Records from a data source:
++++++++
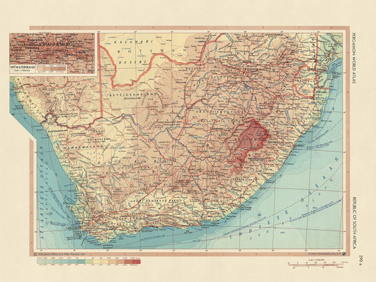 Ancienne carte de la République d'Afrique du Sud, 1967: Johannesburg, Le Cap, Parc national Kruger, Monts Drakensberg
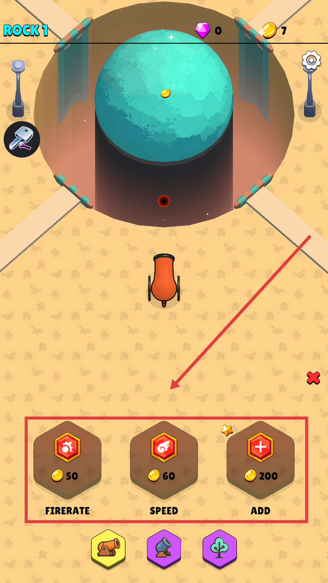 4、依據(jù)自身需求,從下方【FIRERATE】【SPEED】【ADD】等強(qiáng)化選項(xiàng)中選擇,使用金幣來提升炮臺(tái)的屬性。
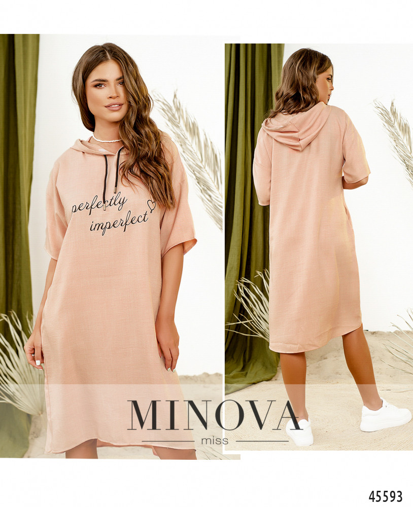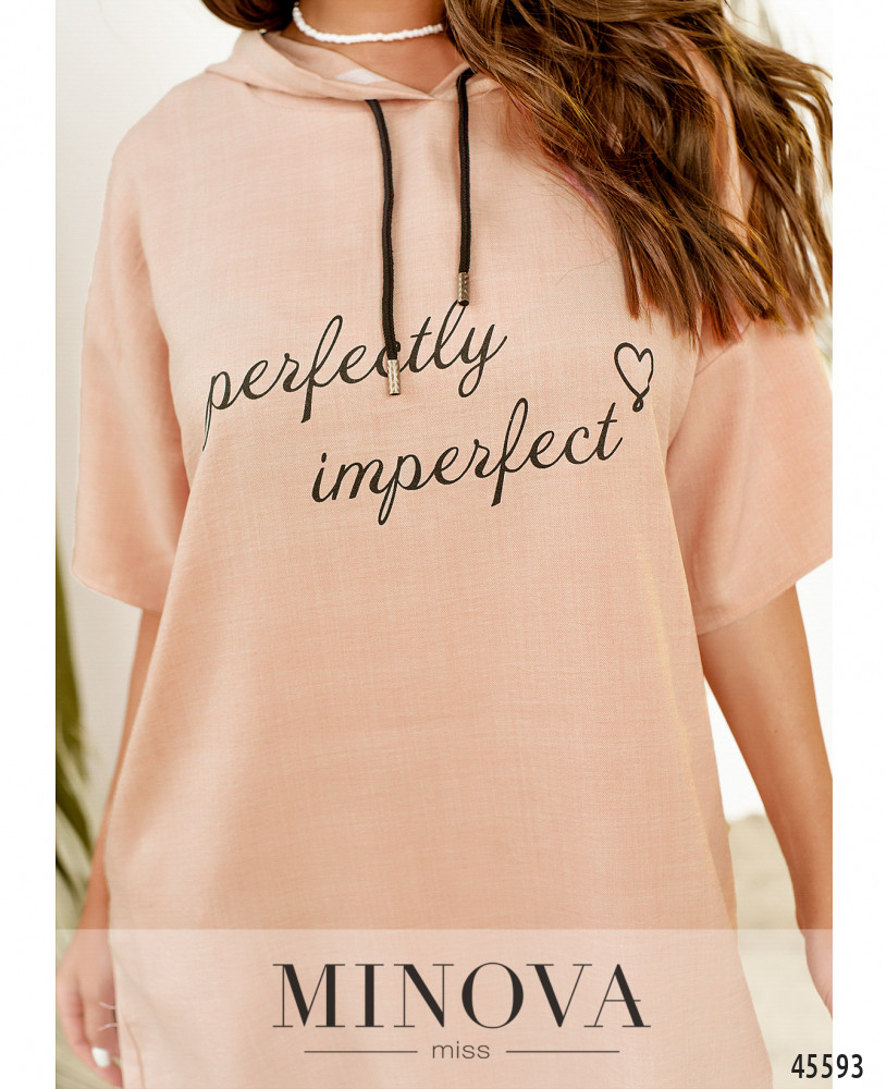 Лаконичное платье в спортивном стиле отличается универсальностью, удобством и практичностью. Эта модель дополнена декоративным принтом на груди, капюшоном на кулиске, короткими рукавами с приспущенной линией плеч и карманами в боковых швах Пояс НЕ входит в комплект.
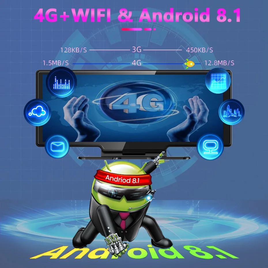 - Cámara de salpicadero con grabadora de vídeo 4G, espejo retrovisor de 10 “, Android 8,1, navegador GPS, WIFI, DVR, cámara de vigilancia
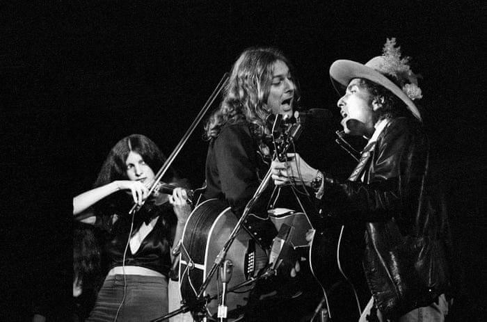 The film is about Dylan’s Rolling Thunder Revue show of US and Canada in 1975 – a 57-date tour in which the troubadour appeared in whiteface makeup, with an extraordinary changing list of support acts that included Joan Baez, Joni Mitchell, Roger McQuinn, Ronee Blakley, “Ramblin’” Jack Elliott, Bob Neuwirth and the violinist Scarlet Rivera. And these weren’t massive arenas he was playing, they were little halls and venues, with publicity sometimes limited to flyers handed out on the day to astonished denizens of the little towns in which the Ken Kesey-style tour bus would cheerfully roll up with the grinning Dylan at the wheel. Try to imagine it happening now.
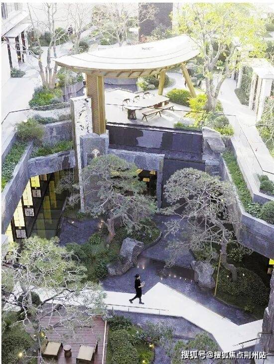 开发商打造了大面积水景,通过镜面水景、悬浮树池、叠水流瀑的组合,将归家的仪式感拉满。而进入悬浮的大堂之后,如同纪念碑谷一般的下沉庭院像是一个大型景观秀场。整个庭院高差近10米,如同在一座立体花园中探秘寻宝。
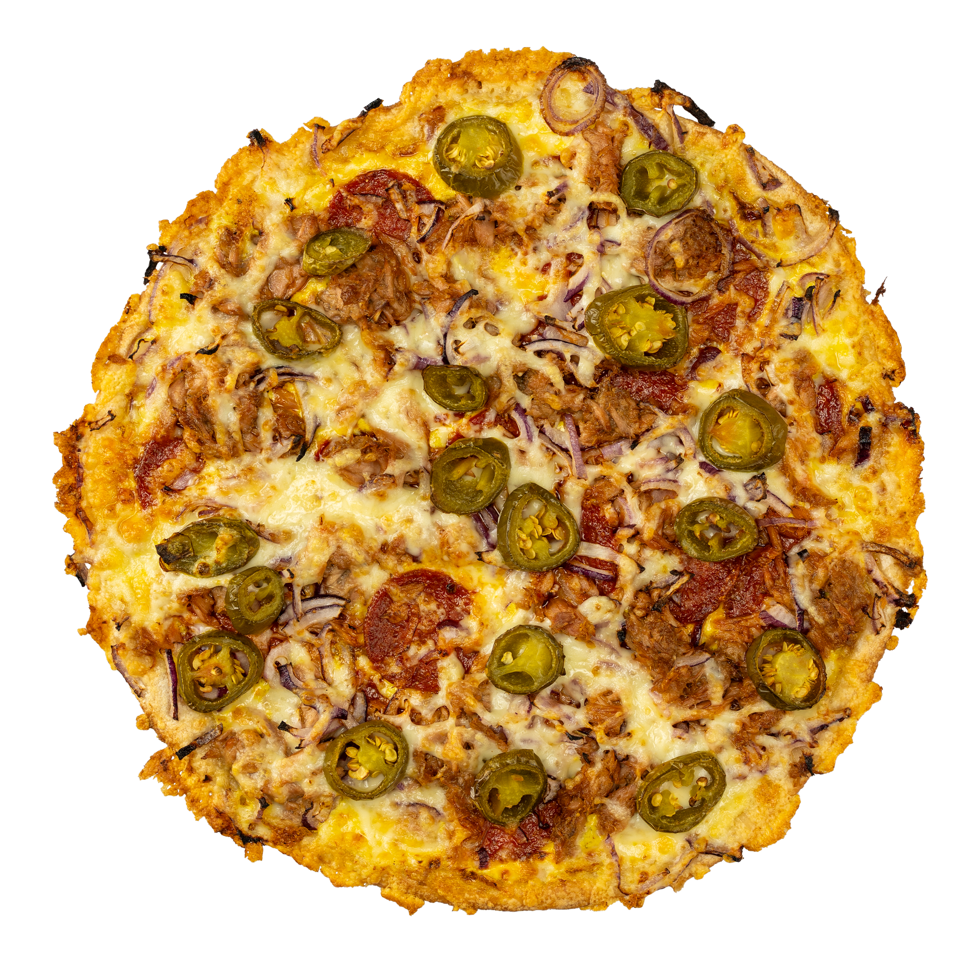 Unsere Cevap Pizza startet mit mildem Ajvar, dazu rote Zwiebeln, Paprika-Mix und milde Peperoni.
++++++++
Goal of the exercise: Repeat all of the records verbatim, leaving out the pictures.

Result of the exercise:
 Ancienne carte de la République d'Afrique du Sud, 1967: Johannesburg, Le Cap, Parc national Kruger, Monts Drakensberg
 4、依據(jù)自身需求,從下方【FIRERATE】【SPEED】【ADD】等強(qiáng)化選項(xiàng)中選擇,使用金幣來提升炮臺(tái)的屬性。
 Лаконичное платье в спортивном стиле отличается универсальностью, удобством и практичностью. Эта модель дополнена декоративным принтом на груди, капюшоном на кулиске, короткими рукавами с приспущенной линией плеч и карманами в боковых швах Пояс НЕ входит в комплект.
 - Cámara de salpicadero con grabadora de vídeo 4G, espejo retrovisor de 10 “, Android 8,1, navegador GPS, WIFI, DVR, cámara de vigilancia
 The film is about Dylan’s Rolling Thunder Revue show of US and Canada in 1975 – a 57-date tour in which the troubadour appeared in whiteface makeup, with an extraordinary changing list of support acts that included Joan Baez, Joni Mitchell, Roger McQuinn, Ronee Blakley, “Ramblin’” Jack Elliott, Bob Neuwirth and the violinist Scarlet Rivera. And these weren’t massive arenas he was playing, they were little halls and venues, with publicity sometimes limited to flyers handed out on the day to astonished denizens of the little towns in which the Ken Kesey-style tour bus would cheerfully roll up with the grinning Dylan at the wheel. Try to imagine it happening now.
 开发商打造了大面积水景,通过镜面水景、悬浮树池、叠水流瀑的组合,将归家的仪式感拉满。而进入悬浮的大堂之后,如同纪念碑谷一般的下沉庭院像是一个大型景观秀场。整个庭院高差近10米,如同在一座立体花园中探秘寻宝。
 Unsere Cevap Pizza startet mit mildem Ajvar, dazu rote Zwiebeln, Paprika-Mix und milde Peperoni.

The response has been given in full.